С этими словами он скинул рясу и схватил перекладину от ясеневого
креста; перекладина была длинная, как копье, и толстая, как здоровенный
кулак; в некоторых местах на ней были нарисованы лилии, ныне почти уже
стершиеся. Итак, сделав из своей рясы перевязь, он вышел в одном подряснике
и, взмахнув перекладиною от креста, внезапно ринулся на врагов, а враги
между тем, нарушив боевой порядок, без знамен, без трубача и барабанщика
обирали в саду виноград, ибо знаменщики прислонили знамена и стяги к стене,
барабанщики продырявили с одного боку барабаны, чтобы было куда сыпать
виноград, в трубы тоже понапихали гроздий, - словом, все разбрелись кто
куда, и вот брат Жан, не говоря худого слова, обрушился на них со страшною
силой и, по старинке колотя их по чему ни попало, стал расшвыривать как
котят.

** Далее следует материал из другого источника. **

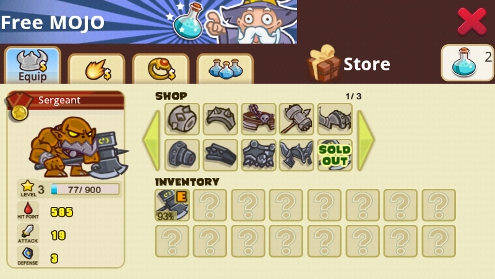 This is where you can buy weapons, items and MOJO for your hero and kingdom. You can also equip items and magic on your hero or sell unwanted items.
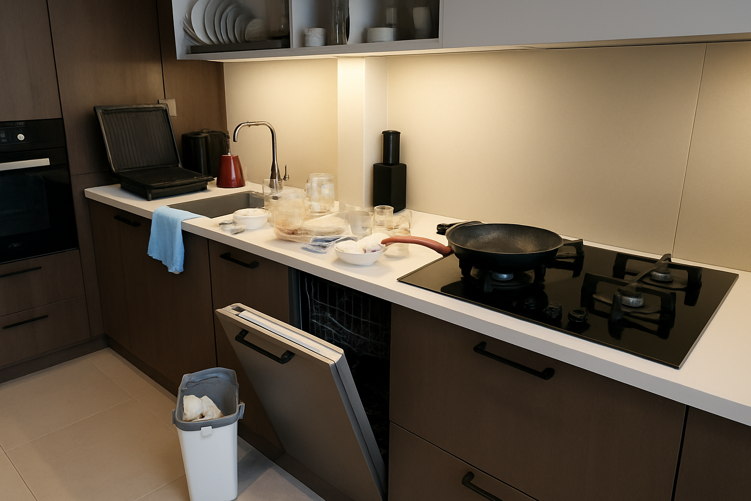 - Rengöring av kök: spis, ugn, kyl/frys, fläkt, skåp in- och utvändigt
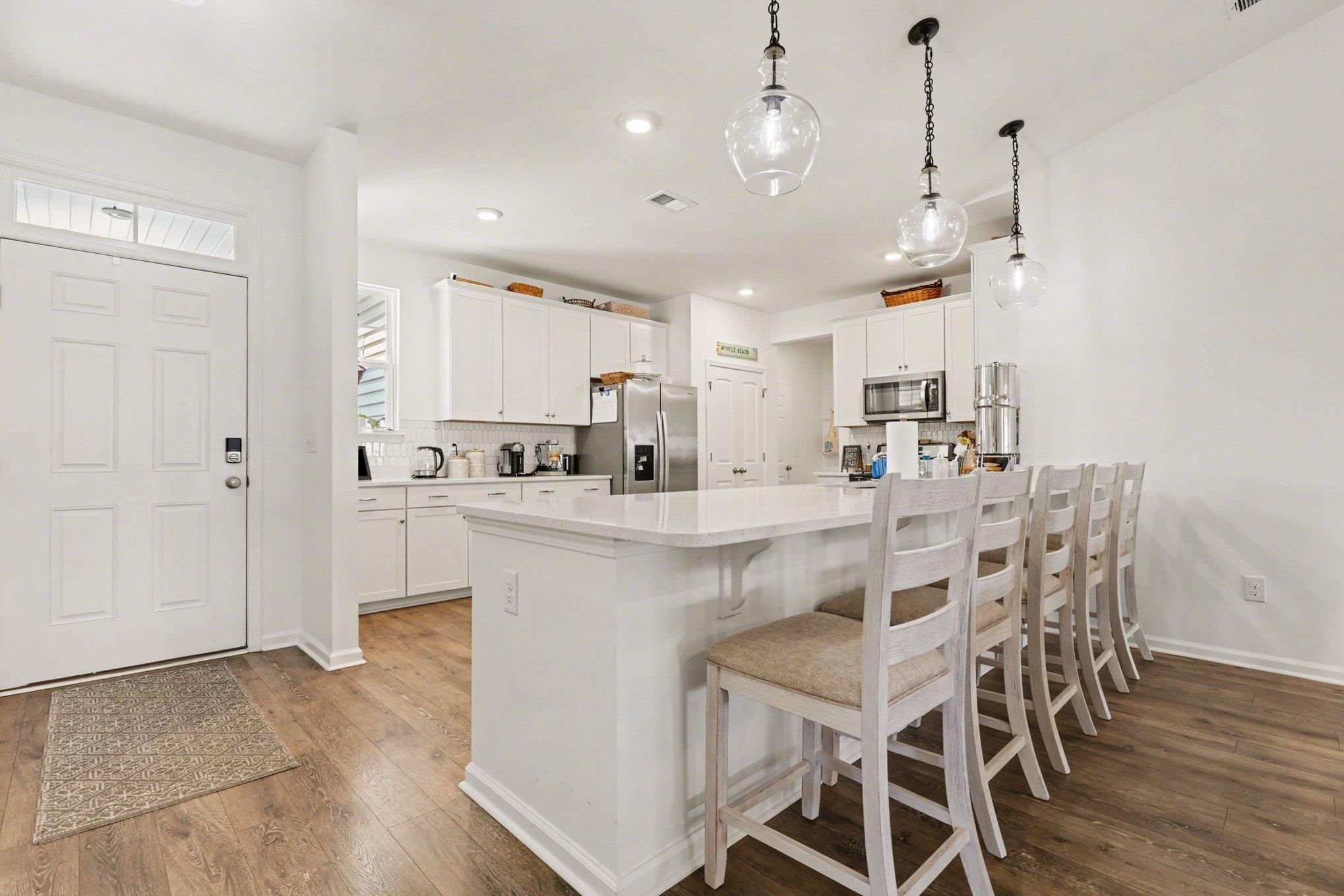This beautiful 3-bedroom, 2-bath ranch-style home is located in the desirable Surfside Plantation community, offering a perfect blend of comfort, style, and convenience. The home features numerous upgrades throughout, including a tasteful tiled kitchen backsplash, shiplap accents in the Carolina room, owner's bedroom, and owner's bathroom, as well as a stylish board-and-batten accent wall in the front bedroom. The dining and great room area is highlighted by a vaulted ceiling, creating an open and inviting living space. Luxury vinyl plank flooring runs throughout the main living areas, while the bathrooms and laundry room feature tile flooring. The kitchen is equipped with stainless steel appliances and an extended quartz countertop, providing ample space for cooking and entertaining. The owner's suite offers a walk-in closet, a beautifully tiled walk-in shower, and a large double-sink vanity. At the rear of the home, the bright Carolina room opens to a covered patio featuring a privacy wall and illuminated posts, creating the perfect space for relaxing or entertaining guests. Ideally situated adjacent to the community pool and clubhouse and overlooking a peaceful pond, this home offers both tranquility and easy access to neighborhood amenities. Conveniently located just minutes from the BEACH shopping, dining, and Myrtle Beach International Airport, this home truly has it all. Don't miss your opportunity to own this charming home! Schedule your showing today
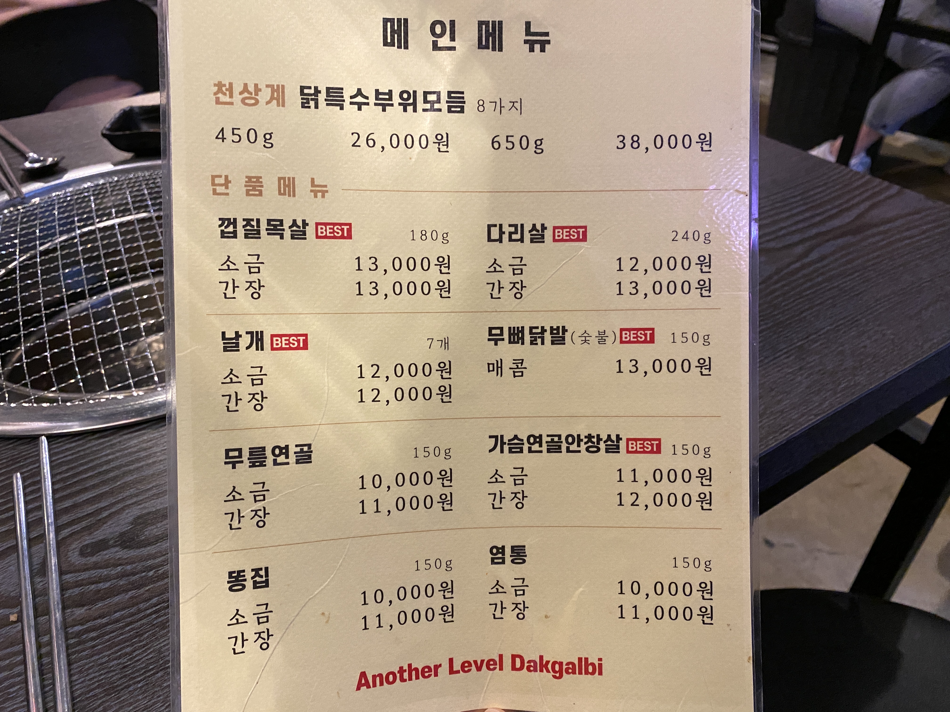 그래서 닭목살(간장)을 1인분 추가로 주문했다.

Одних он дубасил по черепу, другим ломал руки и ноги, третьим
сворачивал шейные позвонки, четвертым отшибал поясницу, кому расквашивал
нос, кому ставил фонари под глазами, кому заезжал по скуле, кому
пересчитывал зубы, кому выворачивал лопатки, иным сокрушал голени, иным
вывихивал бедра, иным расплющивал локтевые кости.
Кто пытался укрыться среди густолиственных лоз, тому он, как собаке,
перебивал спинной хребет и переламывал крестец.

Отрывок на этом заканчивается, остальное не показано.